[Opening Data records section]
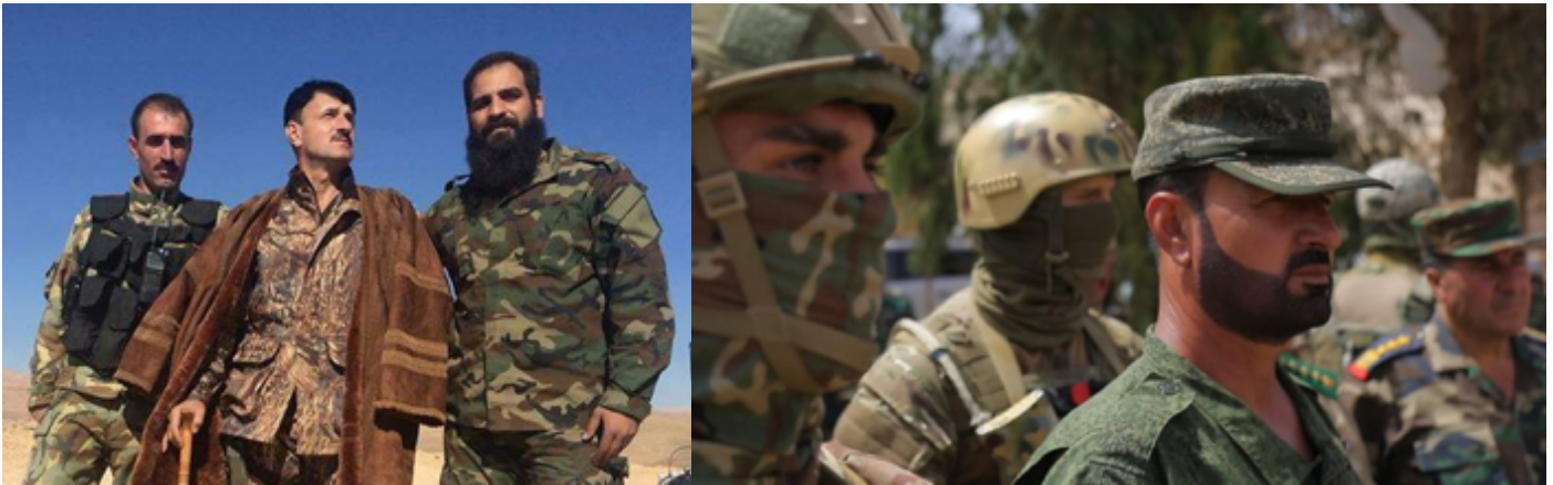
Suheil al-Hassan's transformation from an Alawite Air Force Intelligence colonel and 'war hero' into 'the general and cult military persona' protected by extraordinary measures 55 .

Yet, his first image had not reflected the present cult of military-persona. Below, two pictures of Suheil al-Hassan taken three years from one another can give an idea. On the left, there is a 2015 image released by a pro-regime news outlet. On the right, a 2018 picture with al-Hassan's Russian security detail visible in the back.
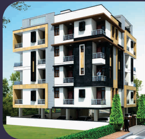
79-B Hari Marg Civil Lines Jaipur
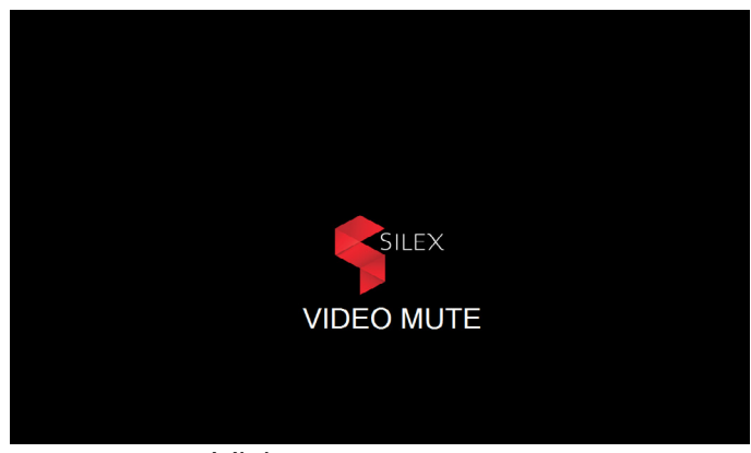
Video mute screen

Selectable video layouts during video calls: Includes a choice of pre-set layouts to select from in a click for an efficient and productive collaboration experience. These include: single side view, surround panoramic view, standard panoramic view, video mute, combined desktop with horizontal / vertical panoramic views of cameras and desktop only view
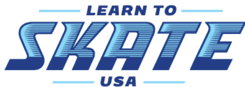
ILLUSTRATION OF THE PROGRESSION THROUGH THE LEVELS OF U.S FIGURE SKATING

Singles athletes begin with the Learn to Skate USA program, then progress to the "introductory levels," and finally choose whether to follow the test track or Well Balanced program category.
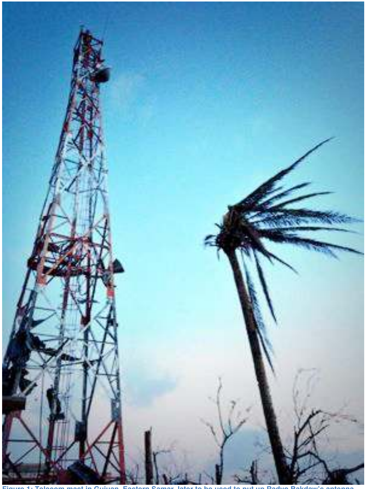
Figure 1: Telecom mast in Guiuan, Eastern Samar, later to be used to put up Radyo Bakdaw's antenna.
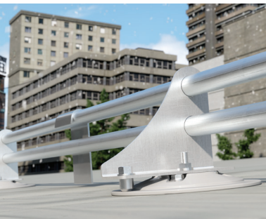
2-bar for membrane
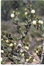
Source: WorldWideWattle ver. 2. Published at: www.worldwidewattle.com B.R. Maslin
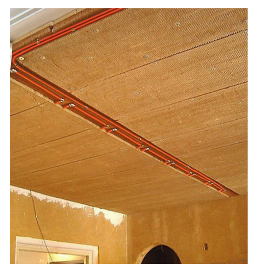
10 Ceiling-mounted WEM climate panels in a modern timber house in northern Italy (2005)

Climate panels made of earth are sustainable to produce and operate and thus contribute to climate protection. The use of earth building materials to regulate indoor climate opens up a previously unused sector for earth building with enormous potential.
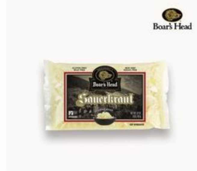
Boar's Head Sauerkraut 16 oz 2.99
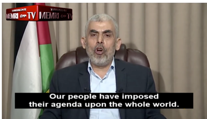
Yahya Ibrahim Hassan Sinwar

By way of more recent example, consider that, in March 2021, Yahya Ibrahim Hassan Sinwar, a former commander and founding member of Hamas' armed apparatus, was re-elected as the leader of Hamas in the Gaza Strip for a second four-year term, a role that oversees the group's political activities as well.
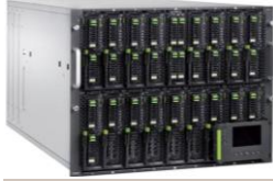
PRIMERGY BX900 S1

The PRIMERGY BX900 S1 is a rack unit that has an installed height of 10U and accommodates 1 to 18 server blades and 1 to 6 storage blades. The energy-efficient Intel Nehalem Quad-Core processors are used in the server blades. Ethernet, Fibre Channel and Infiniband networks are accessed via 8 switch bays. Switches from Cisco, Brocade and Emulex can be used. With its transfer rate of 6.4 Gb/s, the midplane used is the fastest on the market. 100V and 200V power supplies are available. This hardware platform is ideal for server consolidation and virtualization in the datacenter.
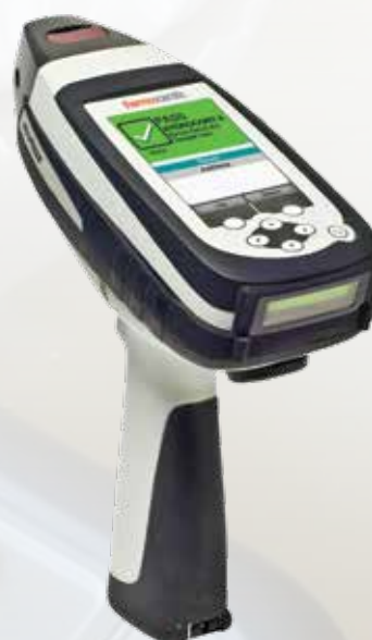
microPHAZIR™ RX NIR Analyzer

Custom organizations are also utilizing this instrument to verify different types of medications that are in passengers' luggage. They verify each medicine is in fact what the traveler claims the medication is. This ensures that medicines which should only be used with a doctor's prescription don't find their way into the consumer supply chain.
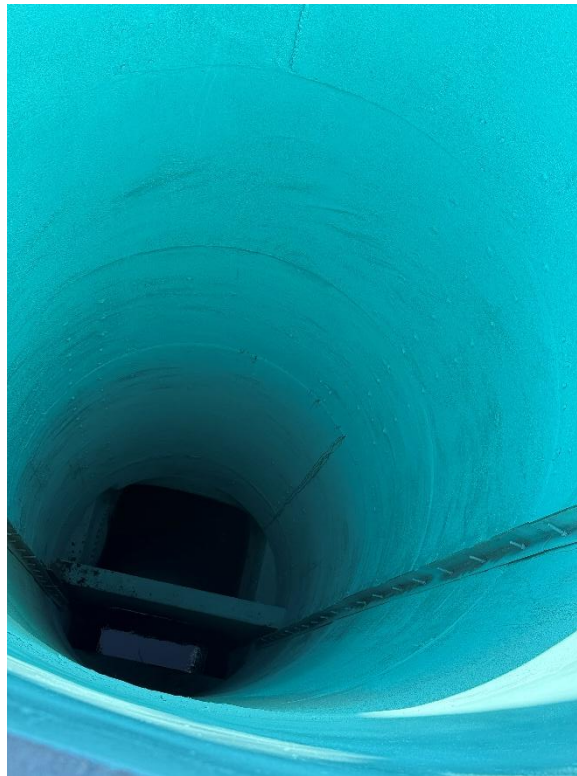
CS-4 epoxy spray lining
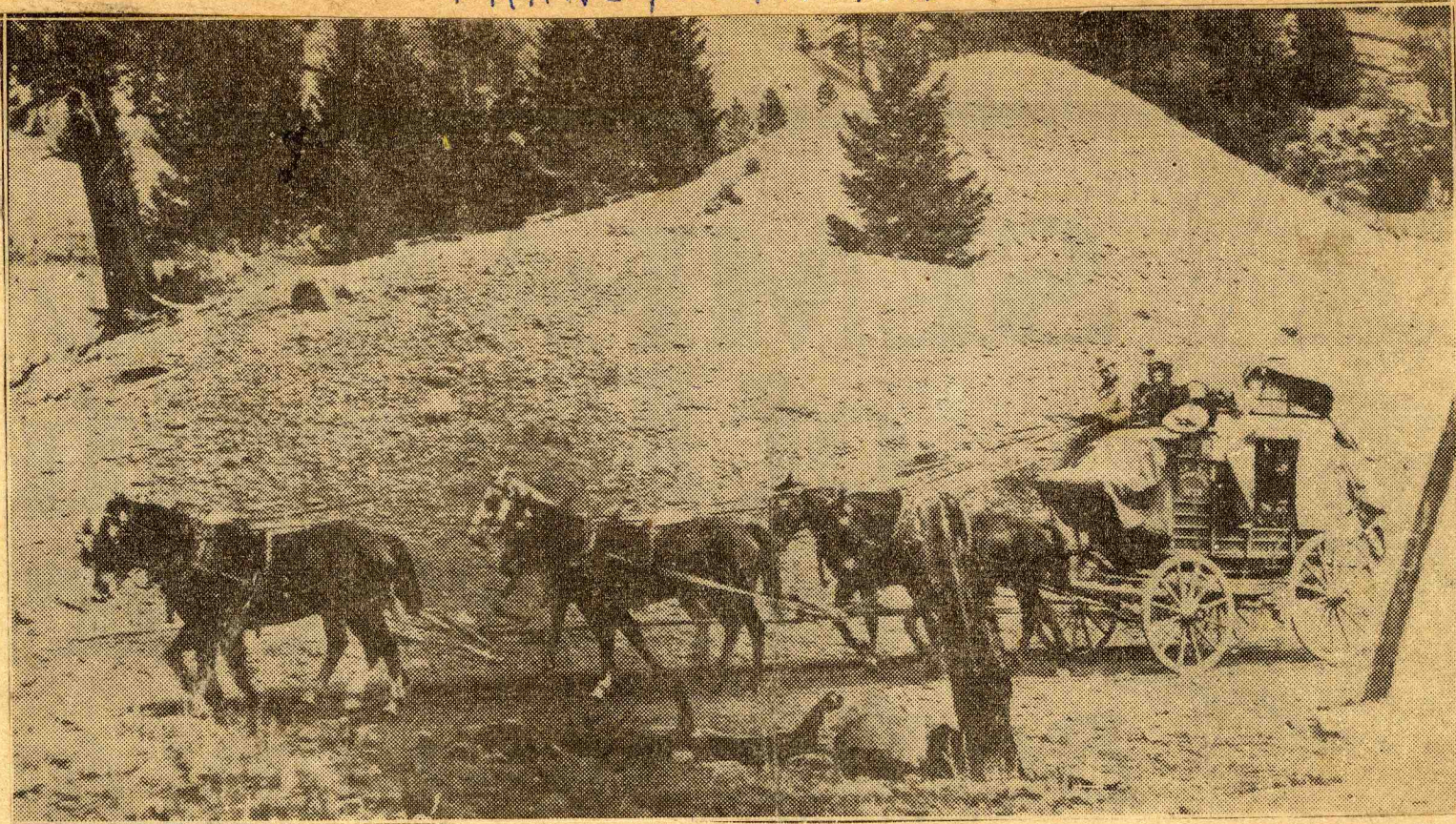
When the stage coach passed through WALLACETOWN AND Talbot Road

Stanley and St. Thomas. There were two roadhouses in the early days where a man might find rest and food and refreshments. One was Parker's Tavern, on the Talbot Road, Lot 16, Concession 10, Dunwich; the other was Coyne's Tavern, at Coyne's Corners, Talbot Road, Lot 16, Concession 8.
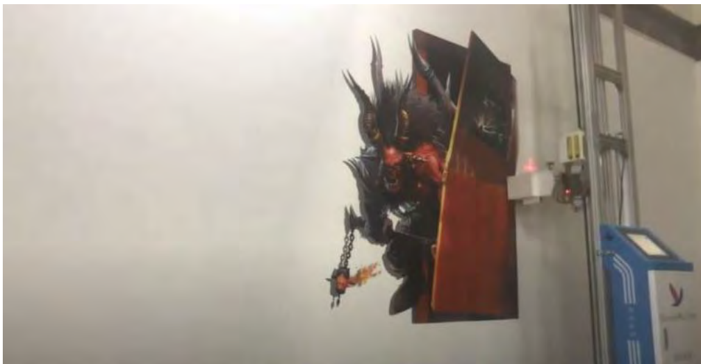
Figure 10 Painting machine capable of automatic three-dimensional printing on the wall
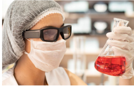
Real-time, hands-free information
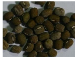
Dull, yellowish green (F 2 )
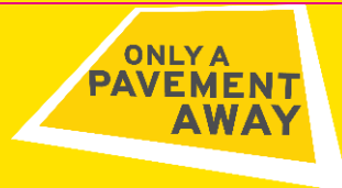
Only A Pavement Away
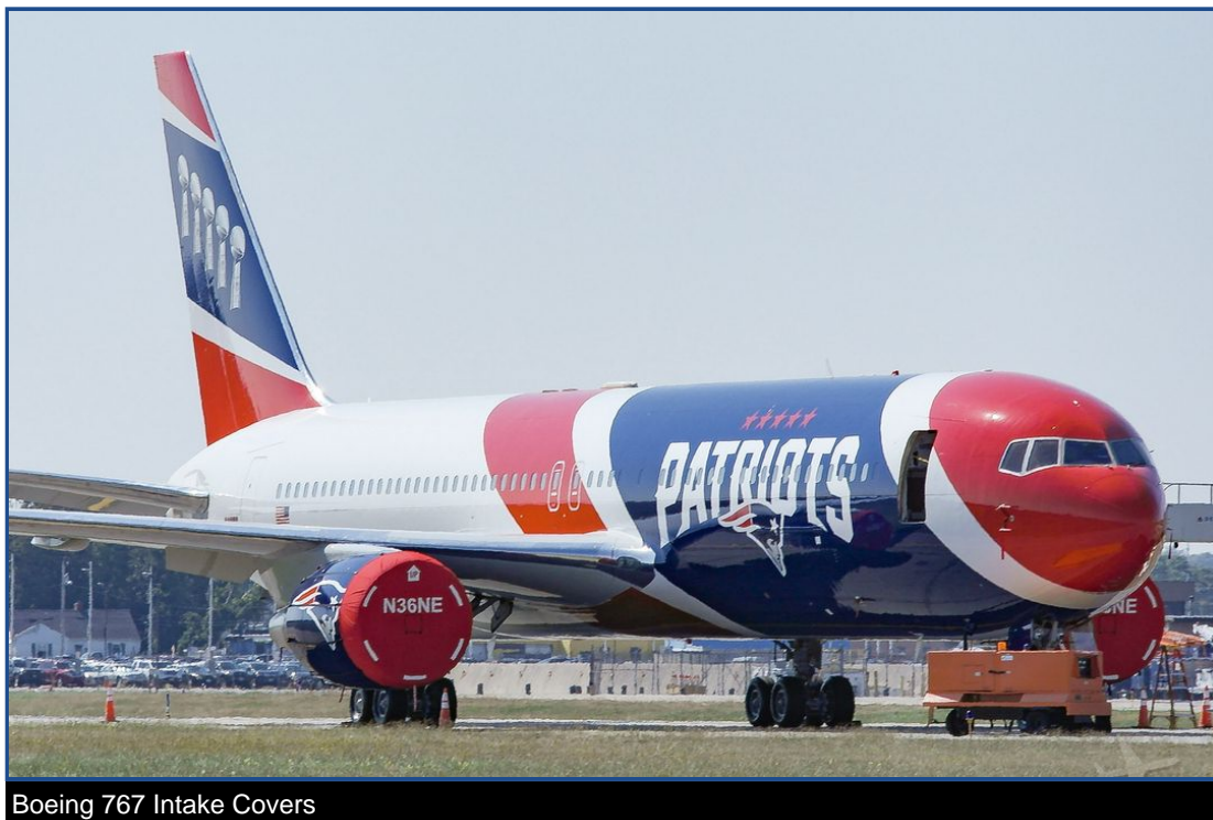
Boeing 767 Intake Covers
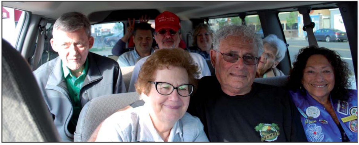
How many members can fit into one Van..???
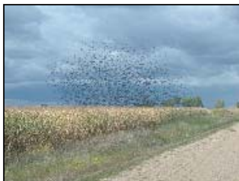
Kathryn Buck, Sun on Corn
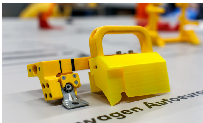
Printing parts on-demand in-house accelerates the build and delivery process. Manufacturers using Ultimaker 3D printers often see a 40% to 90% lead time reduction.

3D printing enabled them to test construction and assembly tools, reduce their development times by 95%, and avoid the bureaucratic process of dealing with suppliers. By printing prototypes in-house, Volkswagen Autoeuropa achieved a 91% cost reduction (approximately €150,000 per year).
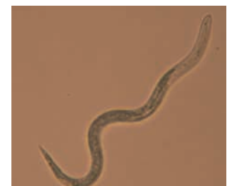
Root knot nematode larvae.
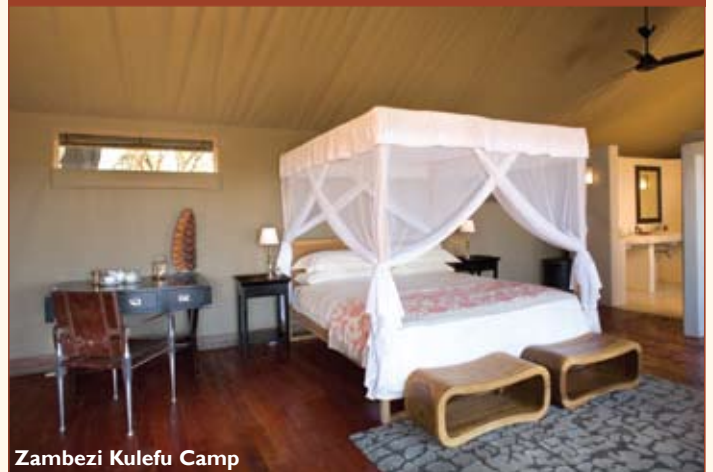
Zambezi Kulefu Camp

Located by a permanent waterway, Kulefu has all the hallmarks of a Sanctuary Retreats property, five star service and quality cuisine. The camp comprises 7 spacious ensuite canvas tents surrounding a pool, dining and lounge area; lit only by paraffin lamps and a roaring campfire after dark. Explore the park by vehicle, on foot (with an armed ranger), by boat or canoe.
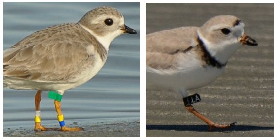
Green band – Atlantic US, Black band – Atl Canada All photos taken on Seabrook North Beach

Piping Plover bands are placed in various configurations on upper and lower legs. Flag/band colors define breeding area, and/or where bird was banded. Wintering Seabrook Piping Plovers are mostly spotted from Great Lakes, Atlantic US & Canada breeding areas.
[Closing Data records section]
--- About this exercise ---
Up to and including the line that holds "Yet, his first", restate word for word each line of the records from their start, and only those lines, leaving out the pictures.

--- Solution to the problem ---
Suheil al-Hassan's transformation from an Alawite Air Force Intelligence colonel and 'war hero' into 'the general and cult military persona' protected by extraordinary measures 55 .

Yet, his first image had not reflected the present cult of military-persona. Below, two pictures of Suheil al-Hassan taken three years from one another can give an idea. On the left, there is a 2015 image released by a pro-regime news outlet. On the right, a 2018 picture with al-Hassan's Russian security detail visible in the back.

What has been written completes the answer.